Ion Microprobe Facility An Ion Microprobe Facility is a specialized laboratory that operates a Secondary Ion Mass Spectrometer (SIMS) suite to perform high-spatial-resolution isotopic and elemental analyses used across geoscience, materials science, planetary science, and nuclear forensics. Facilities of this type integrate vacuum systems, ion optics, electron multipliers, and sample preparation labs to support investigators from universities, national laboratories, and space agencies. They frequently collaborate with museums, industry partners, and international research programs to analyze minute solid samples ranging from terrestrial minerals to extraterrestrial returned samples.

Overview and Purpose

Ion microprobe facilities serve academic institutions such as University of California, Berkeley, Massachusetts Institute of Technology, Stanford University, University of Oxford, and national centers like Lawrence Berkeley National Laboratory, Oak Ridge National Laboratory, Los Alamos National Laboratory, Argonne National Laboratory, and NASA centers to provide analytical services. They support projects funded by agencies including the National Science Foundation, National Aeronautics and Space Administration, European Space Agency, Japan Aerospace Exploration Agency, and Department of Energy. Typical users include researchers affiliated with Smithsonian Institution, Natural History Museum, London, American Museum of Natural History, and planetary missions like Apollo program, Genesis (NASA mission), Hayabusa2, and OSIRIS-REx. The mission often aligns with institutional priorities such as those of the National Academies of Sciences, Engineering, and Medicine and consortia like the Society of Economic Geologists.

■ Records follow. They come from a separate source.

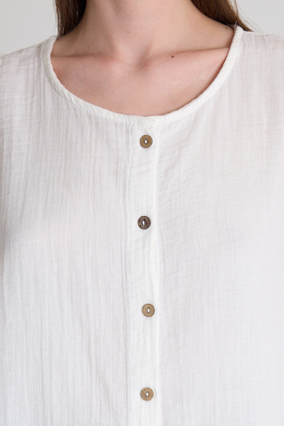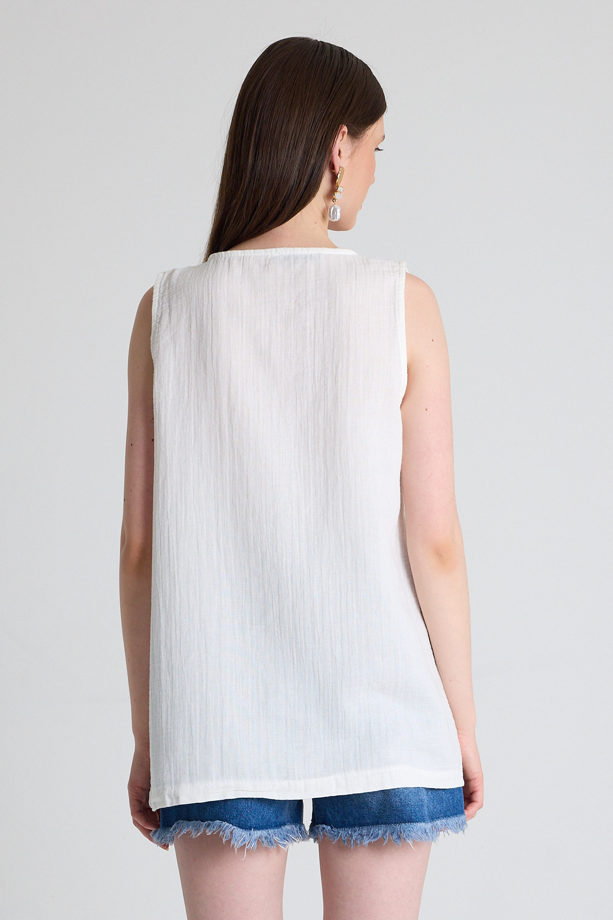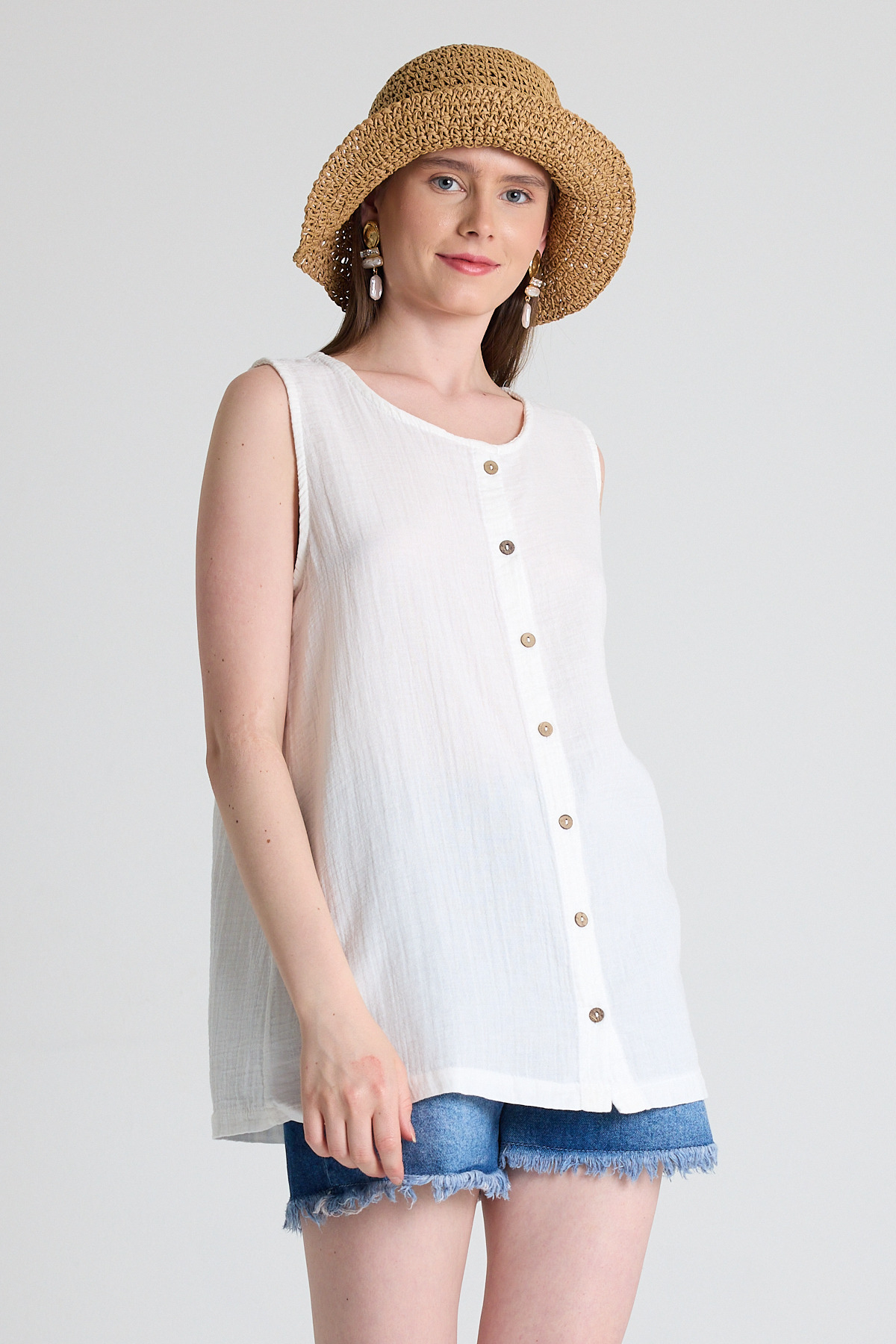 Beyaz Keten Görünümlü %100 Pamuk Düğmeli Kolsuz Bluz 4808A
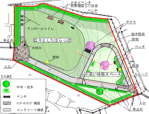 ④主な施設 はらっぱ、マンホールトイレ(地下下水管のみ、浄水タンクなし)
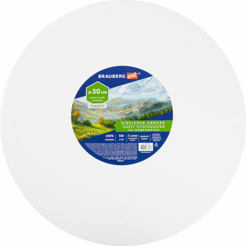 Холст на подрамнике используется для работы масляными, темперными и акриловыми красками. Предназначен для учеников и студентов художественных школ, художников. Изготовлен из 100% хлопка плотностью 380 г/м2, покрытого акриловым грунтом. Хлопковое полотно характеризуется ровной поверхностью со слабовыраженным рельефом. Односторонний трехслойный акриловый грунт позволяет сохранить цвета неизменными, не допуская их прожухания. Холст круглой формы на подрамнике полностью готов к работе. Диаметр — 50 см. Подрамник — 15×30 мм.
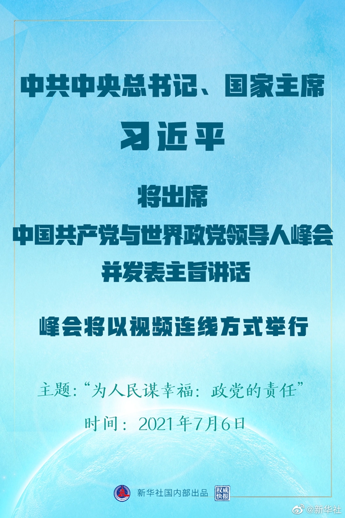 中共中央對外聯(lián)絡部發(fā)言人胡兆明5日宣布,中國共產(chǎn)黨與世界政黨領(lǐng)導人峰會將于7月6日以視頻連線方式舉行,中共中央總書記、國家主席習近平將在北京出席會議并發(fā)表主旨講話。此次會議的主題為“為人民謀幸福:政黨的責任”,160多個國家的500多位政黨和政治組織等領(lǐng)導人以及逾萬名政黨代表等將出席會議。
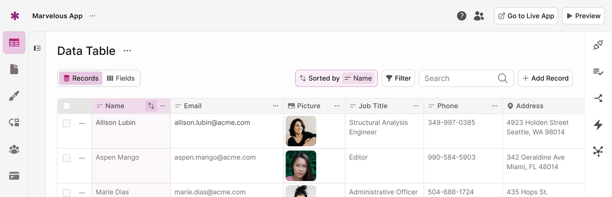 Create a modern online database by getting out of traditional spreadsheets like Microsoft Excel and Google Sheets and into a cloud-based app without the need for coding.

Instrumentation and Components

Core hardware includes instruments made by manufacturers linked to facilities at CAMECA, Hiden Analytical, and Thermo Fisher Scientific. Key components connect to vacuum infrastructure used at facilities like European Synchrotron Radiation Facility and Diamond Light Source: ultra-high vacuum chambers, electron flood guns, sputter ion sources, and magnetic sector analyzers. Detectors often include electron multipliers or Faraday cups similar to systems in Lawrence Livermore National Laboratory and Rutherford Appleton Laboratory. Ion optics and beamlines are comparable to those at Helmholtz-Zentrum Dresden-Rossendorf and Max Planck Institute for Chemistry. Supporting equipment includes focussed ion beam systems from vendors used at Japan Synchrotron Radiation Research Institute and scanning electron microscopes present in CERN affiliated labs.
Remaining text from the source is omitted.